İlkokuldaki sınıf öğretmenimi düşünüyorum, ya şu an beni bugün ben yapan değerleriyle bir sınıftaysa ve Covid-19’a karşı bir aşı mesafesi nedeniyle kendini yalnız ve savunmasız hissediyorsa diye…

Birden gözümün önüne okulun ilk gününden bu yana öğretmenlerim, dönem arkadaşlarım, ebelemece yakınlığındaki bağlarım, kat görevlileri, okulun kaloriferini yakan Remzi amca, kantindeki Serkan abi geliyor.
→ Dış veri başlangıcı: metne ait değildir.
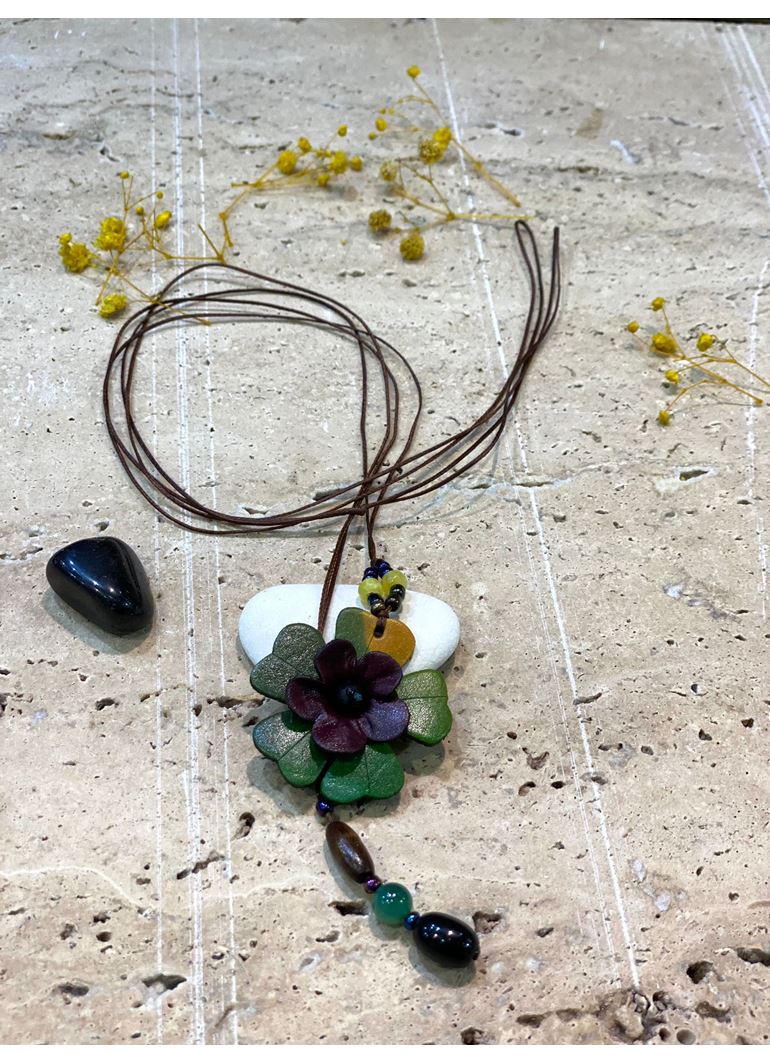El İşi Özel Tasarım Deri Çiçekli Kolye
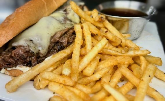 POT ROAST FRENCH DIP // $16.99 slow roasted pot roast smothered in gravy and topped with swiss cheese; served on a hoagie with horseradish aioli.
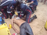 O afogamento ocorreu próximo ao Posto 7. O soldado Leal, do Corpo de Bombeiros, informou que não estava de serviço, mas notou que havia algo errado e foi ajudar as quatro pessoas que estavam se afogando.

Gözyaşlarıma engel olmam mümkün olmuyor.

Çünkü yeterince sesim çıkmıyor mu, ben ve vicdanım da mı izole olduk diye düşünmekten kendimi alamıyorum.
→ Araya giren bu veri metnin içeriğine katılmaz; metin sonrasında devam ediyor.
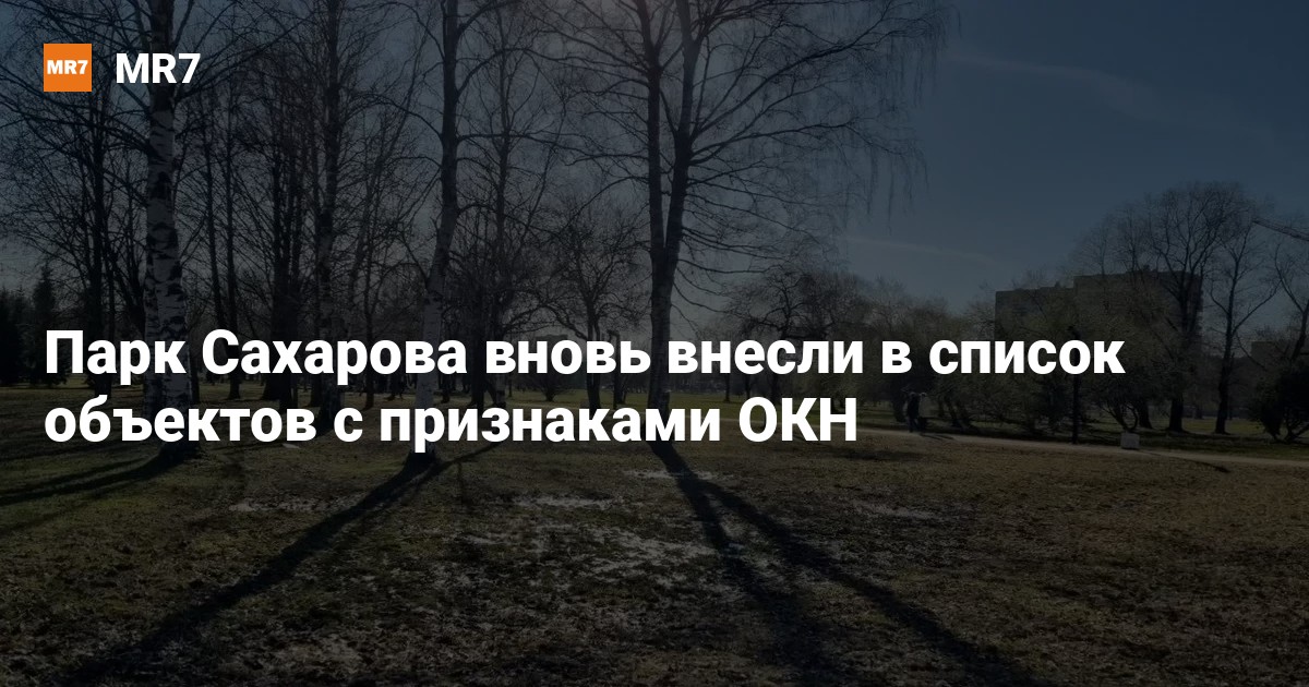 КГИОП вновь внёс парк Академика Сахарова в Калининском районе в список объектов с признаками памятников, следует из данных на сайте комитета от 21 мая. Накануне с соответствующим заявлением в ведомство обратились петербургские активисты.
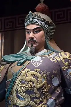 Yue Fei (Chinese: 岳飛; March 24, 1103 – January 28, 1142),[1] courtesy name Pengju (鵬舉), was a Chinese military general of the Song dynasty and is remembered as a patriotic national hero, known for leading its forces in the wars in the 12th century between Southern Song and the Jurchen-led Jin dynasty in northern China. Because of his warlike stance, he was put to death by the Southern Song government in 1142 under a frameup, after a negotiated peace was achieved with the Jin dynasty.[2] Yue Fei is depicted in the Wu Shuang Pu by Jin Guliang.
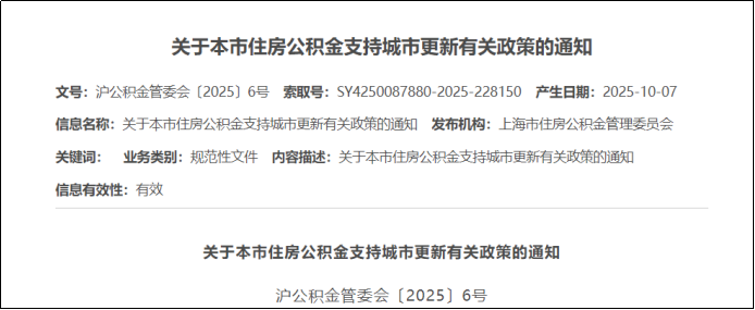 上海市住房公积金管理委员会10月7日发布《关于本市住房公积金支持城市更新有关政策的通知》,自2025年10月7日起施行,有效期五年。
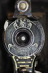 Fondamentaux de la prise de vue : lentille objectif, obturateur (réglé à 1/25), diaphragme (sur 3). On devine la forme hexagonale du diaphragme à travers l'objectif.

Çocuklarımız, sınav gençliğimiz, öğretmenlerimiz, okuldaki diğer büyüklerimiz… Dün, bugün, gelecek için açılsın diye ses olduğumuz okulların içindeler… Hepimiz için.

Okula hangi şartlarla geldiklerini bilmiyoruz,

Hangi ekonomik hikayelerini arkalarında bırakarak bize maskelerinin arkasından en gülümseyen cümlelerini kuruyorlar bilmiyoruz,

Okul binasının içine girdiklerinde bizim onların yanında yeterince olmadığımızı bir an olsun düşünüyorlar mıdır bilmiyoruz,

Okuldan çıktıktan sonra hangi önlemlerle evlerindeki hayatlarına devam ediyorlar bilmiyoruz…

Hastane kapıları sonuna kadar daha fazla kalp ritmi için hepimize, sorumsuzca sokaklarda olmaya devam etmemize rağmen açıkken,

Okullarımızın kapıları da sonuna kadar kalbimizin ritmini bulalım diye bu tabloya rağmen açıkken,

Okullarımız böylesine bilimsel bir yaşam döngüsünün parçasıyken,

Öğretmenlerimize ve okul çalışanlarımıza olan minnetimize bu aşı uçurumu neden?

Öğretmenden sınıfa, sınıftan okula, okuldan veliye, veliden aileye, aileden topluma büyük bir bulaşma hızının bu kadar yakınındayken eğitim camiasının aşı çığlığını yalnızca duyduğumuzu anlama yetimizi kullanarak

duyabiliriz.

Okullar kapalı olmamalı diye vurgu yaparken meğer en güvenli Covid tablosundaymışız.

Mutant virüs yokmuş, 40.000’leri günlük vaka sayısında görmemişiz ve yine de okulları kapalı tutmuşuz.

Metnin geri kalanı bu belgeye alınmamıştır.